Eight pairs of low-high contractile states were established to imitate intestinal hyper- and hypomotility and to evaluate the characteristics of deslanoside-induced BR and potential clinical implication. IBS is known as one of the major functional gastrointestinal disorders, affecting approximately 10% of all adults worldwide[28]. IBS is usually categorized into three subclasses: IBS with constipation (hypo-motility), IBS with diarrhea (hyper-motility), and IBS with alternating symptoms of both constipation and diarrhea (IBS-A)[13,14,29]. None of the currently available drugs are globally effective in treating all IBS symptoms[30], and developing treatment strategies for patients with IBS has been difficult because of the lack of pharmacological targets and the wide range of symptomatology[31]. Considering that the precise cause of IBS is unknown and it is unlikely that one single factor could explain all instances of IBS[32], we established various assay conditions to mimic the possible intestinal hyper- and hypo-motility. These low and high contractile states of isolated intestinal smooth muscle were established (1) by changing ionic concentration in assay buffers; (2) using inhibitory and stimulatory neurotransmitters, or using exogenous inhibitors and stimulators in the assay buffers; and (3) using isolated intestinal smooth muscle obtained from constipation-prominent rat model and diarrhea-prominent rat model.

In this study, we tried to evaluate the possibility that whether deslanoside-induced adverse gastrointestinal irritation could be beneficialized as a potential therapeutic effect on the intestinal smooth muscle dysfunction, and characterized deslanoside-induced BR on the contractility of JSMF. Deslanoside was found to induce stimulatory effects on JSMF in all eight low contractile states and induced inhibitory effects on JSMF in all eight high contractile states. In accordance with deslanoside-induced BR on the contractility of JSMF, the effects deslanoside on myosin phosphorylation of JMSF were also bidirectional.

Activation of muscarinic receptor increases the intestinal motility and stimulation of α and β-adrenoceptors inhibits intestinal motility. Inhibition of intestinal motility is also mediated by NO, a nonadrenergic, noncholinergic neurotransmitter, producing its effect by directly acting on smooth muscle and by indirectly inhibiting acetylcholine and substance P releasing[33,34]. Based on the aforementioned mechanisms involved in the modulation of intestinal contractility, our results have the following implications. The evidence that atropine blocked the stimulatory effects of deslanoside on JSMF in RLCS implies that stimulatory effects of deslanoside on JSMF in low contractile state are correlated with M receptor linked stimulation; and the evidence that phentolamine, propranolol and L-NNA abolished the inhibitory effects of deslanoside on JSMF in RHCS suggests that the inhibitory effects of deslanoside are correlated with adrenergic α, β receptor, as well as NO synthase linked relaxing mechanisms. Deslanoside-induced BR is Ca2+-dependent, since it neither affected jejunal contractility in a Ca2+-free assay condition, nor stimulated jejunal contractility pre-incubated with the Ca2+ channel blocker verapamil in normal, low and high contractile states (Figure 4). The evidence that deslanoside-induced BR is not observed in the presence of TTX implies that deslanoside-induced BR is based on the presence of ENS.

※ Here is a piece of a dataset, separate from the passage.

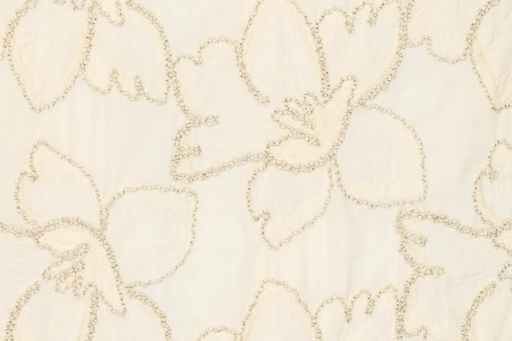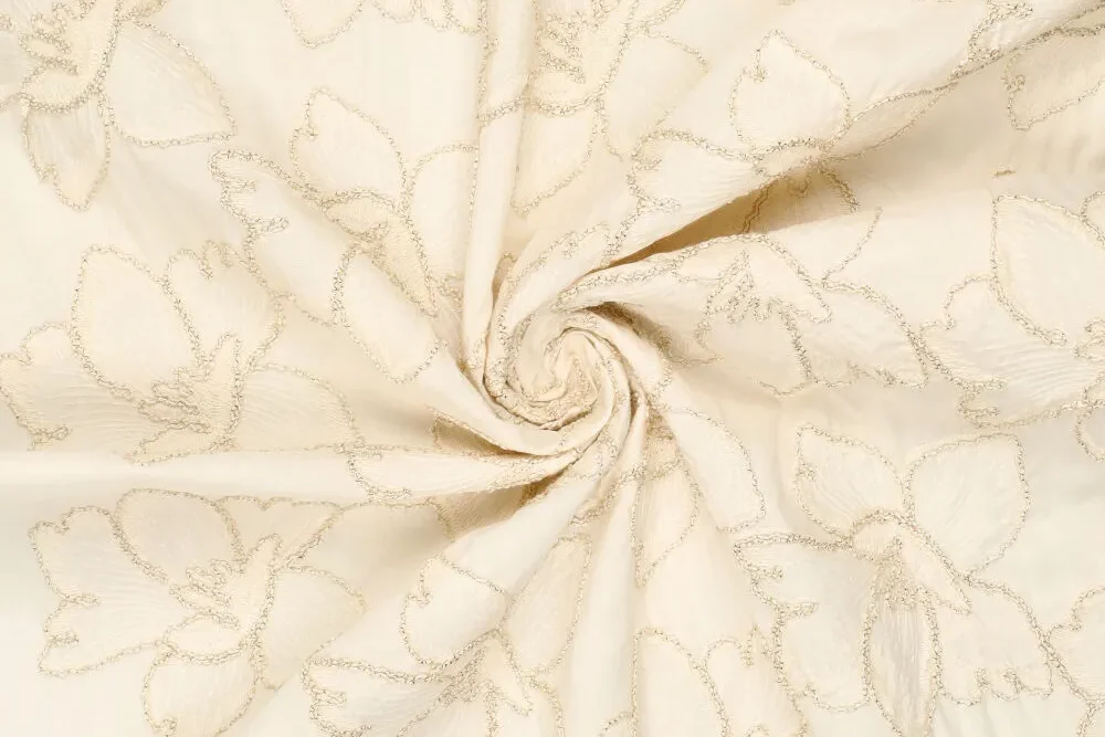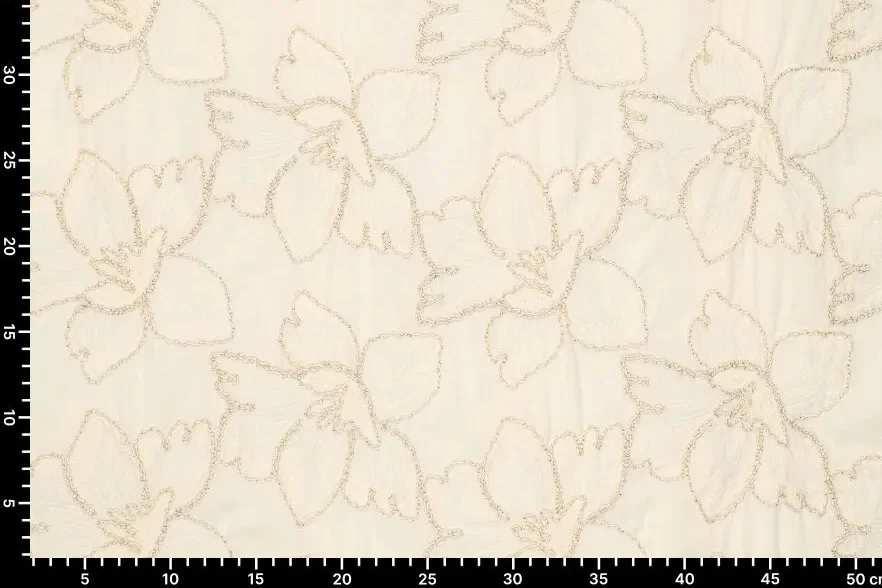 Katoen broderie stof, grote bloemen, crème/goud. P480
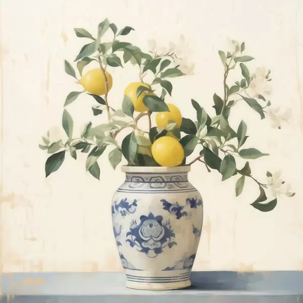 Poster Limoni in un vaso di ceramica blu e bianco in stile pittura a olio Nr f46924

Compared with controls (85.3 ± 37.3 min), the transit times (a measurement of bowel movement) obtained in constipation-predominant (67.4 ± 19.6 min) and diarrhea-predominant patients with IBS (108.4 ± 34.3 min) were decreased and increased, respectively (P < 0.05)[35]. The results implicate that deslanoside-induced BR on jejunum is informative for preclinical investigation of a drug with potential value for the modulation of both abnormally low and high contractility of intestinal smooth muscle. To relieve the symptoms of functional bowel disorders, such as alternating-type IBS, BR-inducer deslanoside could be considered for the potential future clinical application.

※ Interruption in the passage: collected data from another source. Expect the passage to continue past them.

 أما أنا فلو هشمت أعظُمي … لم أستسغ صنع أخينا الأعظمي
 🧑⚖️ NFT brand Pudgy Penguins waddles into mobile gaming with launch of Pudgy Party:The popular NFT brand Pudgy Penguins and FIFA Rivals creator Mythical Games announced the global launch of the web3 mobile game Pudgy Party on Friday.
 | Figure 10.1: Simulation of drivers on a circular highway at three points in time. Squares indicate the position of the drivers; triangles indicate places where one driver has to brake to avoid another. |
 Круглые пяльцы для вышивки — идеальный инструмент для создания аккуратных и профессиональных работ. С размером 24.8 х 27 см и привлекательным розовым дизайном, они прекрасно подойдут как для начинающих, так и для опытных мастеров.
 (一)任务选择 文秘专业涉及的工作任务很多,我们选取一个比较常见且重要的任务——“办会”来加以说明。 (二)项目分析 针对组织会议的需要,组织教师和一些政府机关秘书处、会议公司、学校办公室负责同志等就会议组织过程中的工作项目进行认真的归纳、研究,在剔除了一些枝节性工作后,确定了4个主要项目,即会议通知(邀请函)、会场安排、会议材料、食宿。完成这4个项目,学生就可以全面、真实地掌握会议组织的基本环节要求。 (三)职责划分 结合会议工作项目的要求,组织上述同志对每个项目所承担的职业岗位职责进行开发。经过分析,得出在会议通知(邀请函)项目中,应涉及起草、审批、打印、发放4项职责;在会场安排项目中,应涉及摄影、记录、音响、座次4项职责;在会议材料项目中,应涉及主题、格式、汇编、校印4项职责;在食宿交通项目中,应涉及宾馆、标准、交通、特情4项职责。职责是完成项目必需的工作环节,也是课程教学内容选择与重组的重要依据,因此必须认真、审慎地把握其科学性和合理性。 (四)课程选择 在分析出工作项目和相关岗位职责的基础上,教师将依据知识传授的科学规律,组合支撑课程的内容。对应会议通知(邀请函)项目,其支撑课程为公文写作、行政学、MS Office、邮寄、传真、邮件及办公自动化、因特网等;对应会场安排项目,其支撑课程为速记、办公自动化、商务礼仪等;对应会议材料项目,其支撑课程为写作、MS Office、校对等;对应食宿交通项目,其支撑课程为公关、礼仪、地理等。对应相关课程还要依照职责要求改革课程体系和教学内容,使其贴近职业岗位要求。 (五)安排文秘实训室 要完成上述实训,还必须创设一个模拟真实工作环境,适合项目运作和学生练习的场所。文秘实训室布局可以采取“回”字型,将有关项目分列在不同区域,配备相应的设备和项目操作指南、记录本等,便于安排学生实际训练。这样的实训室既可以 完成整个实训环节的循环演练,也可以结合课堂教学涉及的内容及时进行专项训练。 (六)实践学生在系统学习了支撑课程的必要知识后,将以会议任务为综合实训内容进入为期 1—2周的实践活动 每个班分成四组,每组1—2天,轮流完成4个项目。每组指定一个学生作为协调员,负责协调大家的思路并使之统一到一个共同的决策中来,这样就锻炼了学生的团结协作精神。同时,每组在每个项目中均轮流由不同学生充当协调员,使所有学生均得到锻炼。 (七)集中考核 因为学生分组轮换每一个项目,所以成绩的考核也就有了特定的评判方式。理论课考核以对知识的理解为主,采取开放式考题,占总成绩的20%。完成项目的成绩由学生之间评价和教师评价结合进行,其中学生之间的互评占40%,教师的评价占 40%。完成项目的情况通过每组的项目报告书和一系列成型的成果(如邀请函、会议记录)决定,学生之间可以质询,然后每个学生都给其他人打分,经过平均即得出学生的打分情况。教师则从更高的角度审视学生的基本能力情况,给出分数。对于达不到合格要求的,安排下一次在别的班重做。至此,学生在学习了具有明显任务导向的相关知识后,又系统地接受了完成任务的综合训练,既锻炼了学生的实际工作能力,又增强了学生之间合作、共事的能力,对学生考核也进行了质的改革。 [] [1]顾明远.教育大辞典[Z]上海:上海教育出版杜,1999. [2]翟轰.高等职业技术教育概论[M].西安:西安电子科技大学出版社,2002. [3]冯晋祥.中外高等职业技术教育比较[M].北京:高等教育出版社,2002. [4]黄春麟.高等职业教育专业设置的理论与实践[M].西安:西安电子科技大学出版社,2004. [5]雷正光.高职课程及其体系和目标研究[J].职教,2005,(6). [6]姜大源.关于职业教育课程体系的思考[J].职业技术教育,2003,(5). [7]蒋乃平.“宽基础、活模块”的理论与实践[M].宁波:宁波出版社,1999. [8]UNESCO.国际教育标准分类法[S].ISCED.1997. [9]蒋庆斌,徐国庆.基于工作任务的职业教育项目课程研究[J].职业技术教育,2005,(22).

It is known that ENS is highly interconnected and responsible for secreting at least 50 different modulators, regulating intestinal motility and other functions[36]. We are still not clear about the diverse mechanisms for BR induction, including how dozens of neurotransmitters in intestinal smooth muscle are interrelated in normal contractile state, and how they correlate with BR in both the low and high contractile states. Although we have partially revealed the characteristics of deslanoside-induced BR, further study is still required to identify the detailed mechanisms.

ACKNOWLEDGMENTS

The authors wish to thank Zhi Lin and Fan Yuan for their comments.

COMMENTS
Background

Irritable bowel syndrome (IBS) is known as one of major functional gastrointestinal disorders, contracting approximately 10% of all adults world wide. Cardiotonic glycosides (CGs) have long been and continue to be used in the treatment of congestive heart failure and have entered clinical trials for treating cancer. Gastrointestinal irritation of CGs has been reported, however, the characteristics of CGs on intestinal motility remain unknown.

Research frontiers

Developing treatment strategies for patients with IBS has been difficult because of the lack of pharmacological targets and the wide range of symptomatology, especially in the alternating-type IBS (IBS-A) which is a functional gastrointestinal disorder with alternating symptoms of both constipation and diarrhea.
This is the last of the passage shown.